彼のいつになく張り切っている様子に、ノルは一抹の不安を覚える。そこでノルが頼んだホットサンドが到着した。
「じゃあ、オレが聞くことに答えてみろよ」
見かねたトヴェリが、フェータに視線を注ぐ。
「任せてください」
自信満々な表情で、彼は構えた。
「じゃあ、団長を呼ぶ時は?」
「エリスさまと!」
「団長とどんな関係か聞かれたら?」
「エリスさまは心の底から尊敬する仕事仲間です!」
「自分の職業は?」
「心の底から尊敬する人のもとで精進している、しがない狩人です!」
「よし!」
「待て待て待て待てッ!!」
トヴェリの機転に甘えてホットサンドを食べていたノルは、トヴェリとフェータの質疑応答に、突っ込まずにはいられない。
「おかしいだろ!? そしてトヴェリ。お前は何が、『よし!』なんだ!?」
真面目な顔をしてフェータの答えを認めたトヴェリに、ノルは叫んだ。
「え? だって、一応、誤魔化せてはいるし。間違ったこともいってないもんな?」
「はい! きちんと僕なりに考えて来ました!」
フェータは至って本気だ。それはそれで問題だが、「何が悪かったんだ?」ととぼけているトヴェリは、内心面白がっていることを、ノルはわかっている。彼を相手にしてはいけない。ノルはトヴェリに狙いを定める。
「トヴェリ。最初からまずいことはわかるか?」
「なっ?! 何が問題でしたでしょうか?!」
全く問題がないと思っているトヴェリは指摘されて、驚いた声を上げるが、驚きたいのはこちらの方だ。

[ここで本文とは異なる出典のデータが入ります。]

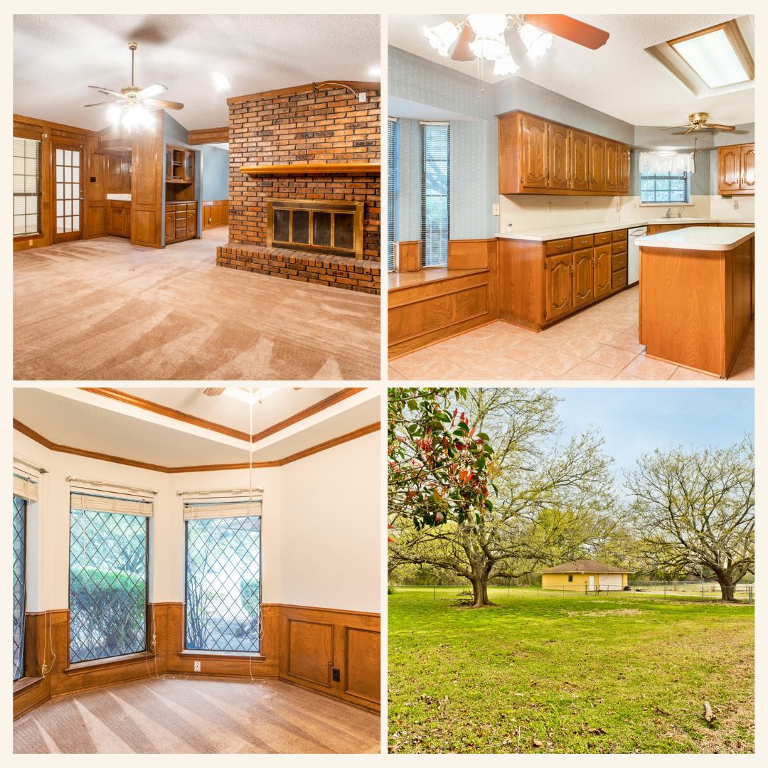 This charming brick house on a 1.2 acre property offers over 2,100 sq ft of living space with 3 beds, 2 baths, and 2 living areas. The primary living room features a large brick wood burning fireplace, and the wet bar area is perfect for entertaining.🍸
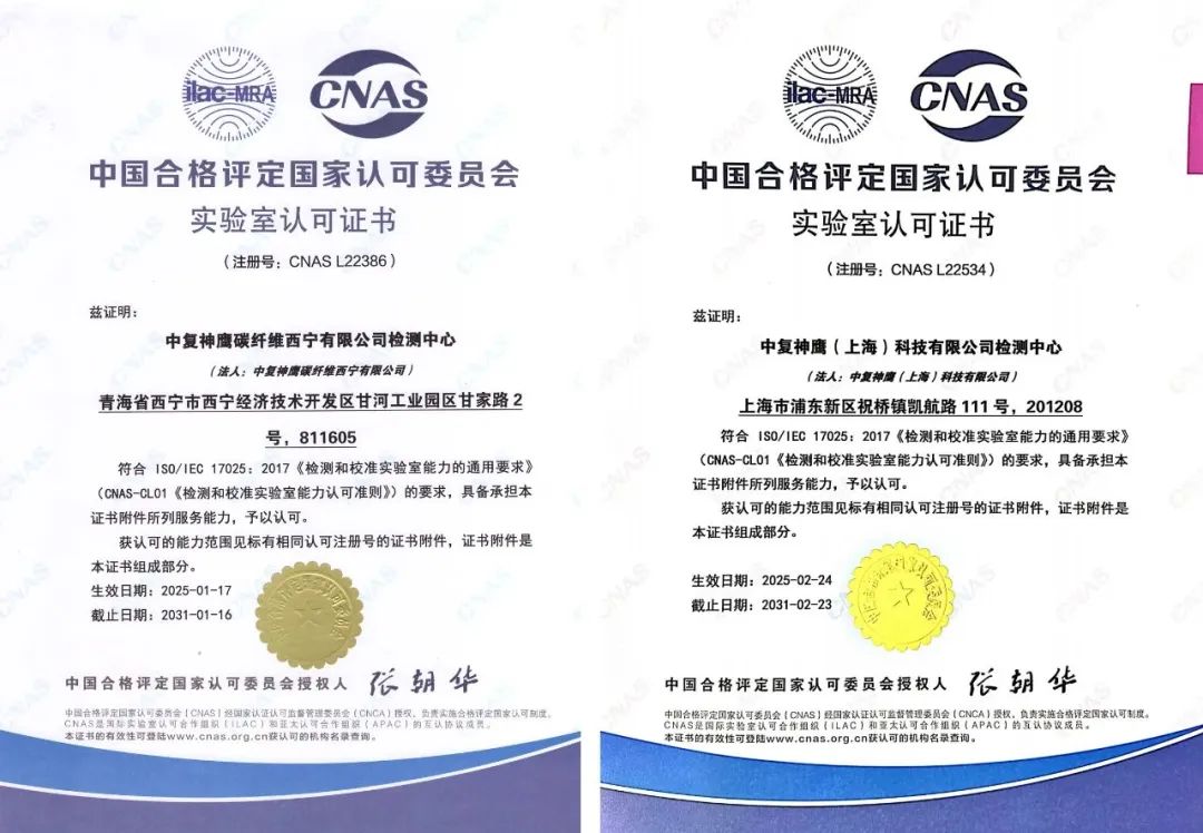 近日,中复神鹰所属西宁公司检测中心,上海公司检测中心通过中国合格评定国家认可委员会(CNAS)监督评审,至此,中复神鹰已有三个检测中心获得CNAS颁发的实验室认可证书,进一步印证了企业在碳纤维及其复合材料检测领域的检测能力,质量管理体系及技术能力达到国际先进水平,据统计,以上三家实验室占地面积超过5000平方米,实验室检验技术人员近100人,检测设备近300台/套,通过CNAS认证的检测范围涵盖碳纤维原丝,碳纤维 天堂影视在线,碳纤维复合材料,检测项目达到96项。

「あっ!! 申し訳ございません。エリスさまなんて烏滸がましいですよね。フローリアさまと!!」
「違う。そうじゃない」
自分で訂正したが、そうじゃないとノルはすかさず突っ込む。
「庶民生の団長を『さま』なんて呼ぶ青年がいたら、注目を浴びせてしまうだろ!」
「ハッ。申し訳ありません! 今すぐ、腕立て五百回を!」
「しなくていい!!」
顔を青くして自らペナルティをやり始めようとするフェータを止める。ひとつ直すのにこれでは、後が思いやられるノル。前の席では、トヴェリが俯いてぷるぷる肩を震わせている。顔を見なくても、絶対に笑っていることだろう。
「ペナルティはいいから、『エリスさん』だ。一回言ってみろ」
「ハ、ハイ!」
フェータは心底真面目に返事をし、口を開く。
「えエリスさん、エリ す えりっすさん」
そして、噛みまくるフェータ。
「あははははッ!!!」
もう耐えられないと、トヴェリは声を上げて笑い転げる。
「ひ、ひっどいなぁ。本当お前、最高だろ!? わざとか? わざとなのか?!」
「わ、笑わないでくださいよ! 団長をさん付けで呼ぶなんて、恐れ多いんです!! 僕はどうせ虫けら以下ですから!!」
笑われたことに、フェータが拗ねた。
「からかうなフェータ。ちゃんと直すぞ」
その後、時間ギリギリまでフェータのシュヴァルツ崇拝思考は矯正されることになる。
「よし。フェータ。お前は代表に会ってもなるべく口は開くな」
やれることはやったが、不安が残るフェータに、ノルが告げた最終的なアドバイスはそれだった。
「え。ひどくないですか?」
「団長に迷惑をかけたくないなら、黙っておくのが一番だ」
そうと言われてしまえば、フェータが言い返せることはない。3人は店を出て、街の広場に足を向けた。
「そろそろ時間かー。転移先は闘技場なんだっけ?」
「ああ。闘技場でボディチェックをしてから、校舎にまた転移で移動するみたいだ」
「めんどーだなー」
トヴェリは愚痴りながら、招待券を手に取る。
そこには魔法陣が組み込まれており、時間になれば会場に飛べる仕組みになっている。今回は金品など必要最低限なもの以外は持ち込みは不可と、夏や冬の大会より規制が厳しい。
「団長、僕が行ったら驚いてくれますかね?」
フェータが、ぽつりと呟く。
「たぶん、びっくりすると思うぜ?」
「そうだな」
ノルはトヴェリに同意する。
「ハーバーマス殿に借りができたな。フェータ」
「はい」
フェータは、招待券を用意してやるとセルジオに言われたときのことを思い出す。人形と結婚させたがるような人が、どうしてわざわざ学園関係者に頼むようなことをしてくれたのか。疑問に思ったフェータは、素直に尋ねたのだ。
「どうして自分に招待券を用意してくれたのか」と。
『ひとりでも仲間が多く行けば、エリスも少しは安心して学園祭を楽しめるんじゃねぇのか?』
セルジオには、改めて礼をしなければならないとフェータは思う。